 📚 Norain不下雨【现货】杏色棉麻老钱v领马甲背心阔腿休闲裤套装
...
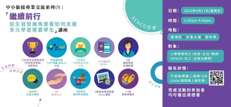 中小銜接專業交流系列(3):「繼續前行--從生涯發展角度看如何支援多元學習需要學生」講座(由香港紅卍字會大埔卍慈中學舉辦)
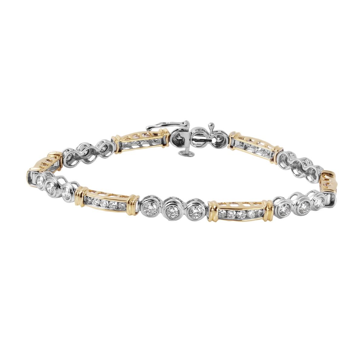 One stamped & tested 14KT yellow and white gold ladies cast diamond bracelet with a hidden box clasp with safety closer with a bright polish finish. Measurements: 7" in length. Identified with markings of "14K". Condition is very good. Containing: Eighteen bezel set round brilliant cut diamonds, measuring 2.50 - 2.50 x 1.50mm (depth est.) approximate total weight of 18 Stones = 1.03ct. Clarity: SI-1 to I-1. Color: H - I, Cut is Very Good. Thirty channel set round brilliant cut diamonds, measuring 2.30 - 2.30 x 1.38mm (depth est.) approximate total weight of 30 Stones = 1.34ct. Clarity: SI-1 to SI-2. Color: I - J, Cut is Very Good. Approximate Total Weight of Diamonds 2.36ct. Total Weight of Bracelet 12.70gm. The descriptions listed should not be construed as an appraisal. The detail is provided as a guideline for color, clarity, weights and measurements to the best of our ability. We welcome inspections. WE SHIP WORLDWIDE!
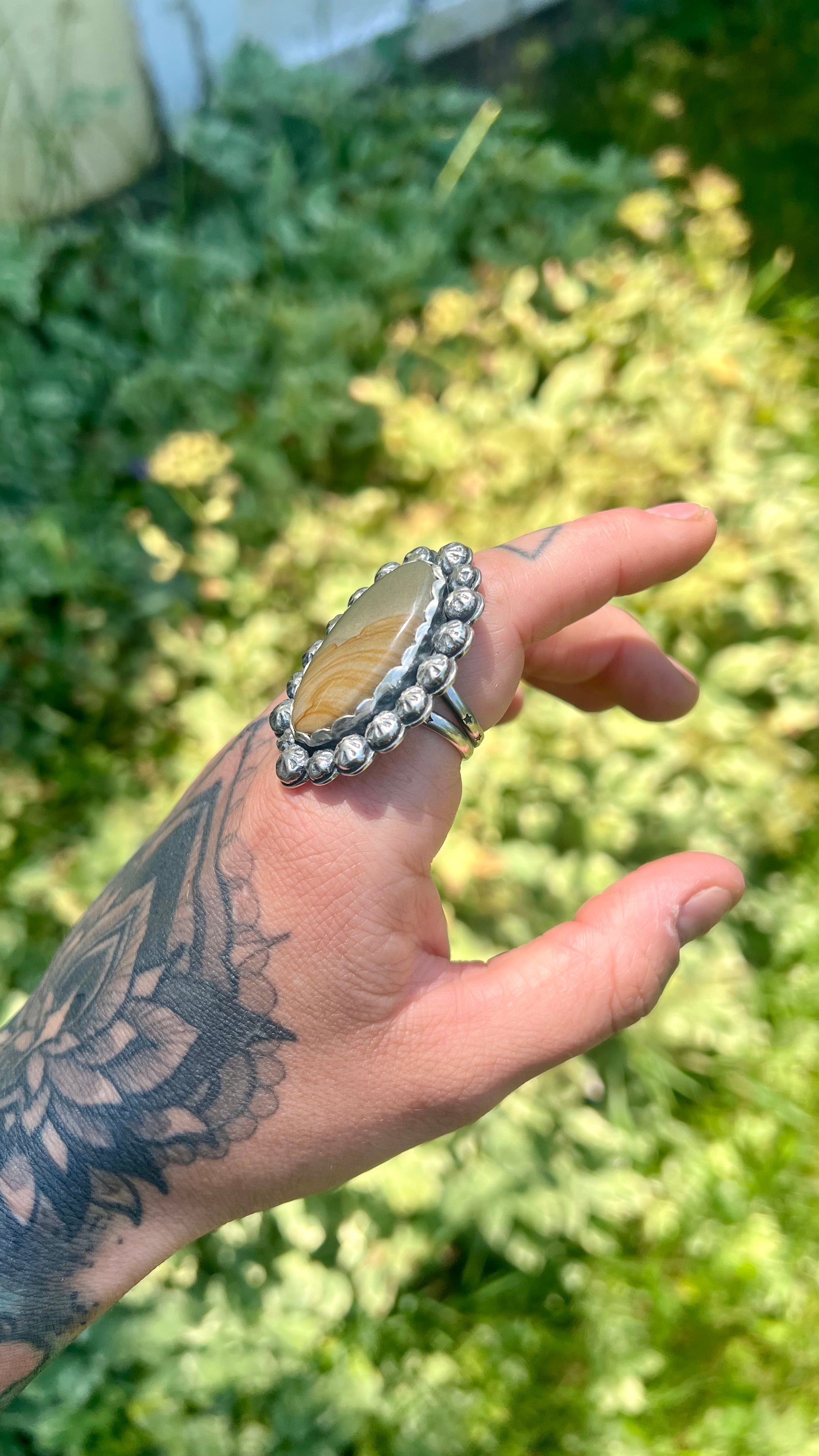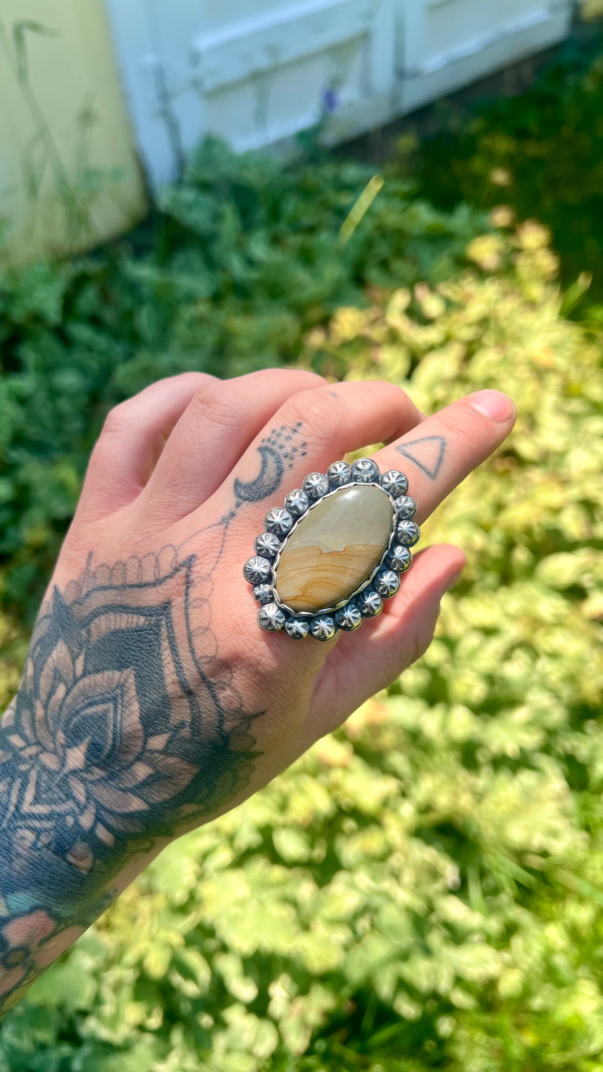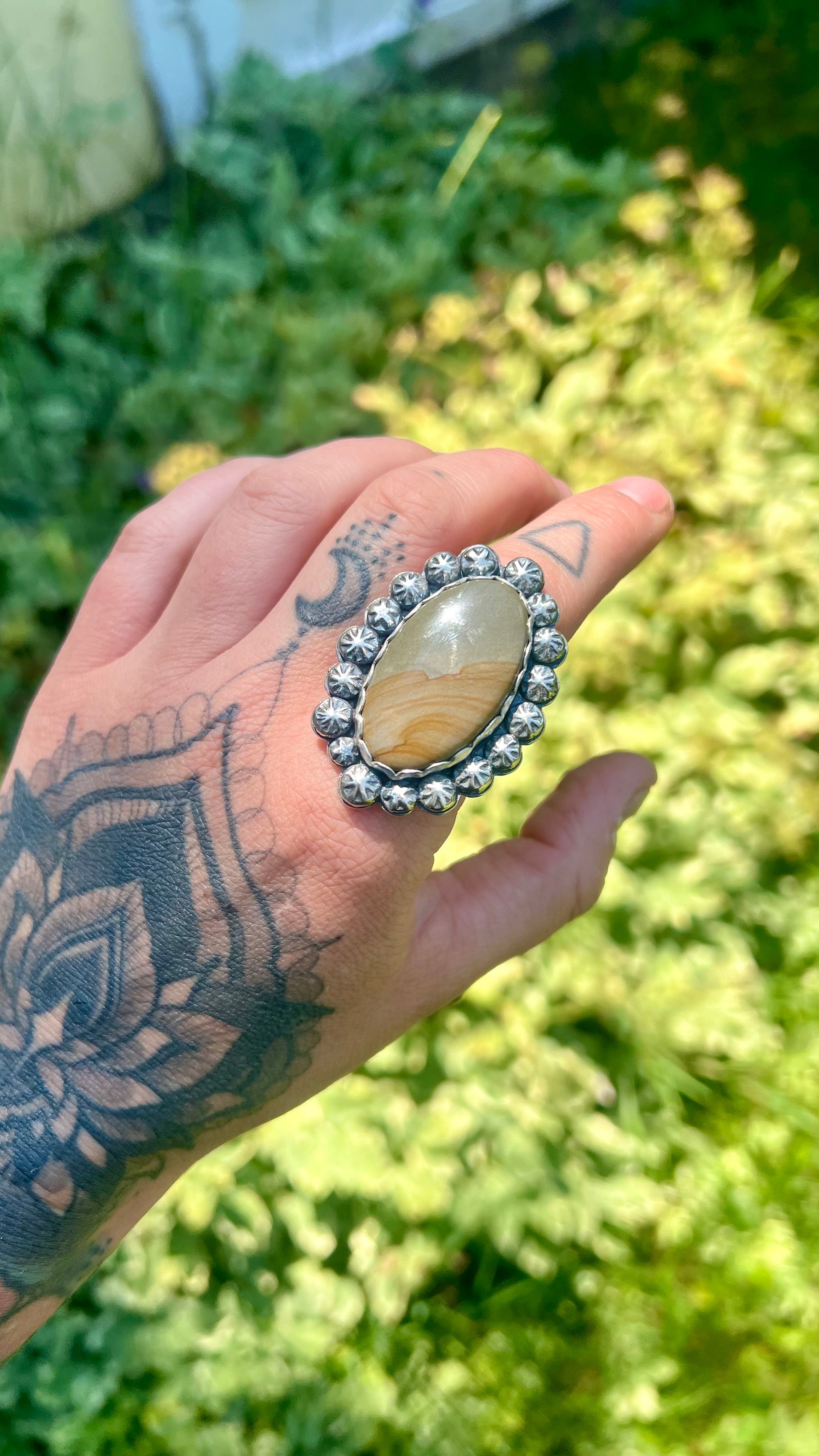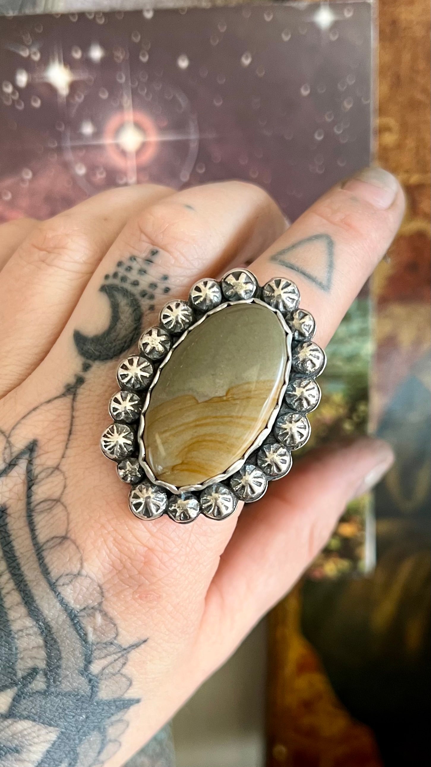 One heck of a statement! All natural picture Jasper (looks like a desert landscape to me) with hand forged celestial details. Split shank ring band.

§ Exercise brief
In the listing above, find the line containing "One stamped &" and the line containing "One heck of". Reproduce those lines and all between them exactly, with no pictures and nothing more.

§ Solution for this exercise
 One stamped & tested 14KT yellow and white gold ladies cast diamond bracelet with a hidden box clasp with safety closer with a bright polish finish. Measurements: 7" in length. Identified with markings of "14K". Condition is very good. Containing: Eighteen bezel set round brilliant cut diamonds, measuring 2.50 - 2.50 x 1.50mm (depth est.) approximate total weight of 18 Stones = 1.03ct. Clarity: SI-1 to I-1. Color: H - I, Cut is Very Good. Thirty channel set round brilliant cut diamonds, measuring 2.30 - 2.30 x 1.38mm (depth est.) approximate total weight of 30 Stones = 1.34ct. Clarity: SI-1 to SI-2. Color: I - J, Cut is Very Good. Approximate Total Weight of Diamonds 2.36ct. Total Weight of Bracelet 12.70gm. The descriptions listed should not be construed as an appraisal. The detail is provided as a guideline for color, clarity, weights and measurements to the best of our ability. We welcome inspections. WE SHIP WORLDWIDE!
 One heck of a statement! All natural picture Jasper (looks like a desert landscape to me) with hand forged celestial details. Split shank ring band.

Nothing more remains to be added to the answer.